BATTLE CREEK, MICH. — The Kellogg Co. will launch Special K Nourish cereal with probiotics later this year to combat weakness in the “adult health-oriented segment,” which is dragging down the ready-to-eat cereal category, said Paul T. Norman, senior vice-president and president of Kellogg North America.
|Paul Norman, senior vice-president and president of Kellogg North America|
“Whilst we’re happy with the performance of our taste brands, we know we have to do more to reassert this category’s health and wellness credentials,” Mr. Norman said during an Aug. 3 conference call with investment analysts. “And the way to reinvigorate that segment has always been through nutrition-oriented innovation, claims and brand building, so that’s where we’re focusing our efforts.”
While Kellogg’s core six cereal brands, which include Frosted Flakes, Froot Loops, Rice Krispies, Special K, Mini-Wheats and Raisin Bran, collectively held share in the recent quarter, the category remained softer than expected, Mr. Norman said.
“Whilst there are a variety of industry-wide trends that we can point to, it’s our job to drive this category through great commercial ideas across major brands,” he said.
Looking ahead, Mr. Norman said, the company plans to position Special K, Mini-Wheats and Raisin Bran brands around a growing interest in gut health.
“If you look at the category and the history of the category, there have been cycles over the years that have driven the category,” Mr. Norman said. “Those cycles are often related to health and wellness positively, and in times, negatively… Well frankly, through the end of the ‘90s and into the 2000s, low calorie, low fat and weight management really drove the category, and no brand drove the category harder in those years than Special K.
“As we get through to 2010 and into the recent years, low calorie, low fat has come off trend, and we have obviously been impacted significantly by that. What encourages me as I look forward in where science and nutrition is going and where the trends are, clearly what is big and right in front of us now and I think will be really important is gut health and the gut-brain connection, the importance of the microbiome and the importance of fiber coming back into people’s diets, either prebiotic or probiotic benefits.

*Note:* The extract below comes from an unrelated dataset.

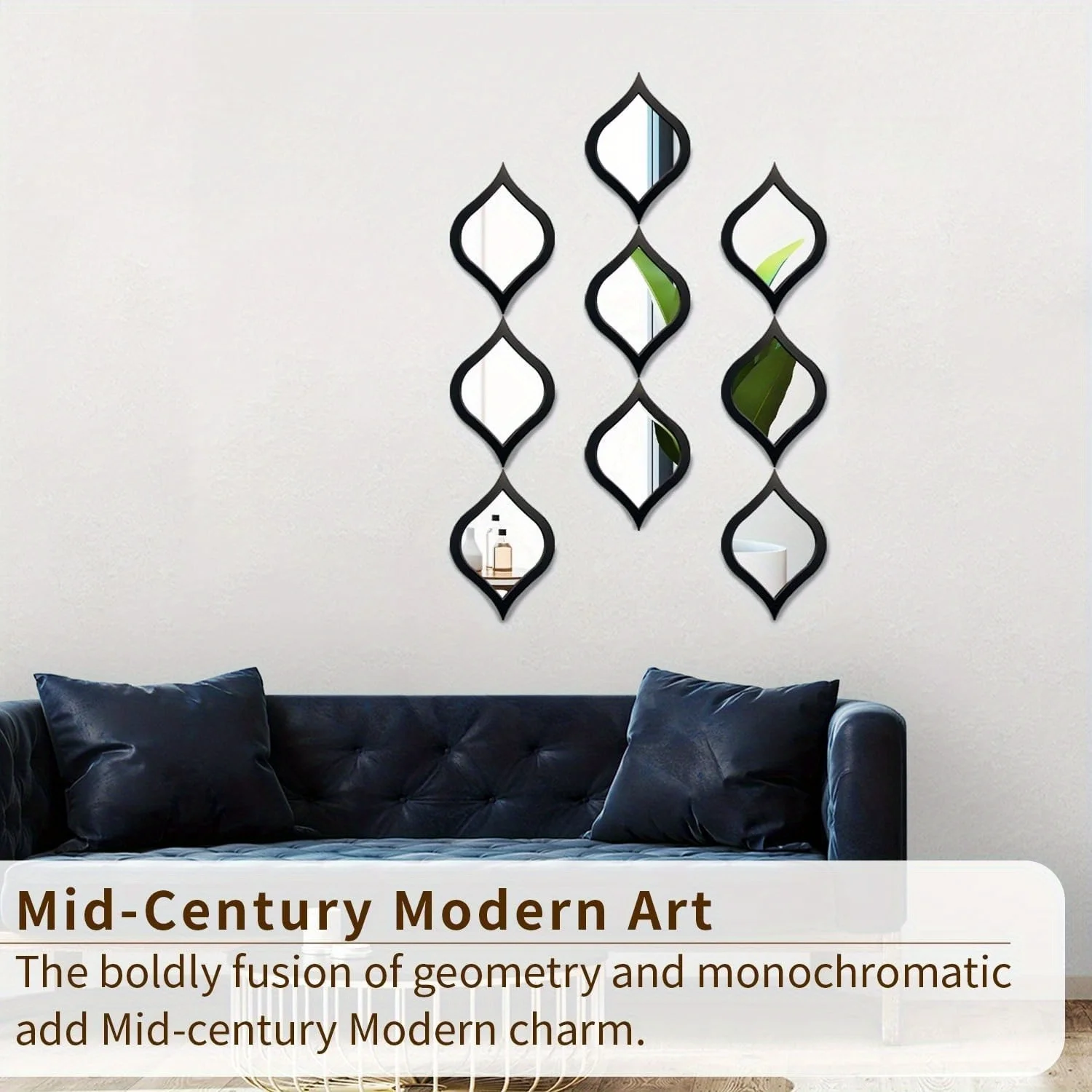 Elevate your walls with this 3-piece modern tear drop mirror décor set. Unique tear drop and moon-inspired shapes add a stylish boho aesthetic. Reflective surfaces help brighten and visually expand your space. Perfect for bedrooms, living rooms, hallways, or offices. Lightweight design makes installation quick and hassle-free. Versatile arrangement allows you to create your own wall layout. Modern and bohemian style blends with a variety of interiors. Durable material ensures long-lasting decorative appeal. Adds elegance, depth, and personality to any room. Transform your space with this chic and eye-catching mirror wall art.

Those things, considering 9 out of 10 Americans don’t get enough fiber today, I think are going to position our category extremely well to grow as we go forward.

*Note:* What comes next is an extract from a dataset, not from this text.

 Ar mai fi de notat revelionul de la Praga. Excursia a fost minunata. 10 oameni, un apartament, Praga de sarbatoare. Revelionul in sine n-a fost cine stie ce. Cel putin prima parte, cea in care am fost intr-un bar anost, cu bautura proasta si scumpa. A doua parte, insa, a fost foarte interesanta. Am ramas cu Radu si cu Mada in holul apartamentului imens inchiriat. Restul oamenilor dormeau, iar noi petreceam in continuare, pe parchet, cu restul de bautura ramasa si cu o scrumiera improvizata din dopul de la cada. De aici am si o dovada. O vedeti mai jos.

“So the tailwind is coming back, in my opinion, following a short period here of headwind. For us, we need to reassert our credentials in these areas. So we’ll do the hygiene work we’re already doing, removing artificials, etc. But the big wins will come from upping our claims on existing brands like Raisin Bran, Mini-Wheats, around fiber and the importance of fiber. And then driving innovation into our adult brands, things like Special K with probiotics, etc., as we go forward.”
Another priority for Kellogg in reviving the cereal category is repositioning its brands for all-day consumption.
“As you probably heard us talk before, 35-plus per cent of cereal is consumed outside of the breakfast occasion, but repositioning the category… to be more of an all-day food and all-day snack to be consumed whenever you want is, I think, critical to how we open up growth potential for the category, whether that’s driving brands like Froot Loops, Frosted Flakes or Rice Krispies throughout the day, through a recipe or consumption opportunity, or whether it’s bringing innovation in the area of convenience and portability to the cereal category to unlock those opportunities throughout the day,” Mr. Norman said. “And then last thing, also important, is we have to keep the pressure on fun and taste in this category, which has always been an important part of what drives the heartbeat of the performance of the category. If I look today, the pressure on fun and taste is fine, the other two we can do more.”
Net income in the second quarter ended July 1 was $282 million, equal to 80c per share on the common stock, up slightly from $280 million, or 79c, in the prior-year period. Net sales declined 2.5% to $3,187 million from $3,268 million.
The increase in earnings reflected higher operating profit and a lower tax rate that offset charges related to the Project K restructuring program. Adjusted earnings on a currency-neutral basis increased 8% over the year-ago quarter.
|John A. Bryant, chairman and c.e.o. of Kellogg|
“Net sales performance was sequentially better than Q1,” said John A. Bryant, chairman and chief executive officer. “Year-on-year, it was affected by two factors that are being considered in our full-year guidance. First, U.S. consumption remained soft. This was industry-wide and affected many of our categories. And second, we felt in Q2 the residual impact of Q1’s customer negotiations regarding pricing on Pringles in Europe. But we knew this would be the case as it takes time to ramp back up to normal promotional activity.”
Kellogg executives provided an update on the company’s transition to a warehouse model from direct-store delivery in its U.S. Snacks segment, what Mr. Bryant called “one of the most complicated transitions that any food company has attempted to do in the last several years in our industry.”“Today, we are very close to completing this ambitious and complex transition,” Mr. Bryant said. “In fact, we’re already shipping through warehouse to all of our customers. This is a great example of executional excellence and working closely with our retail partners.”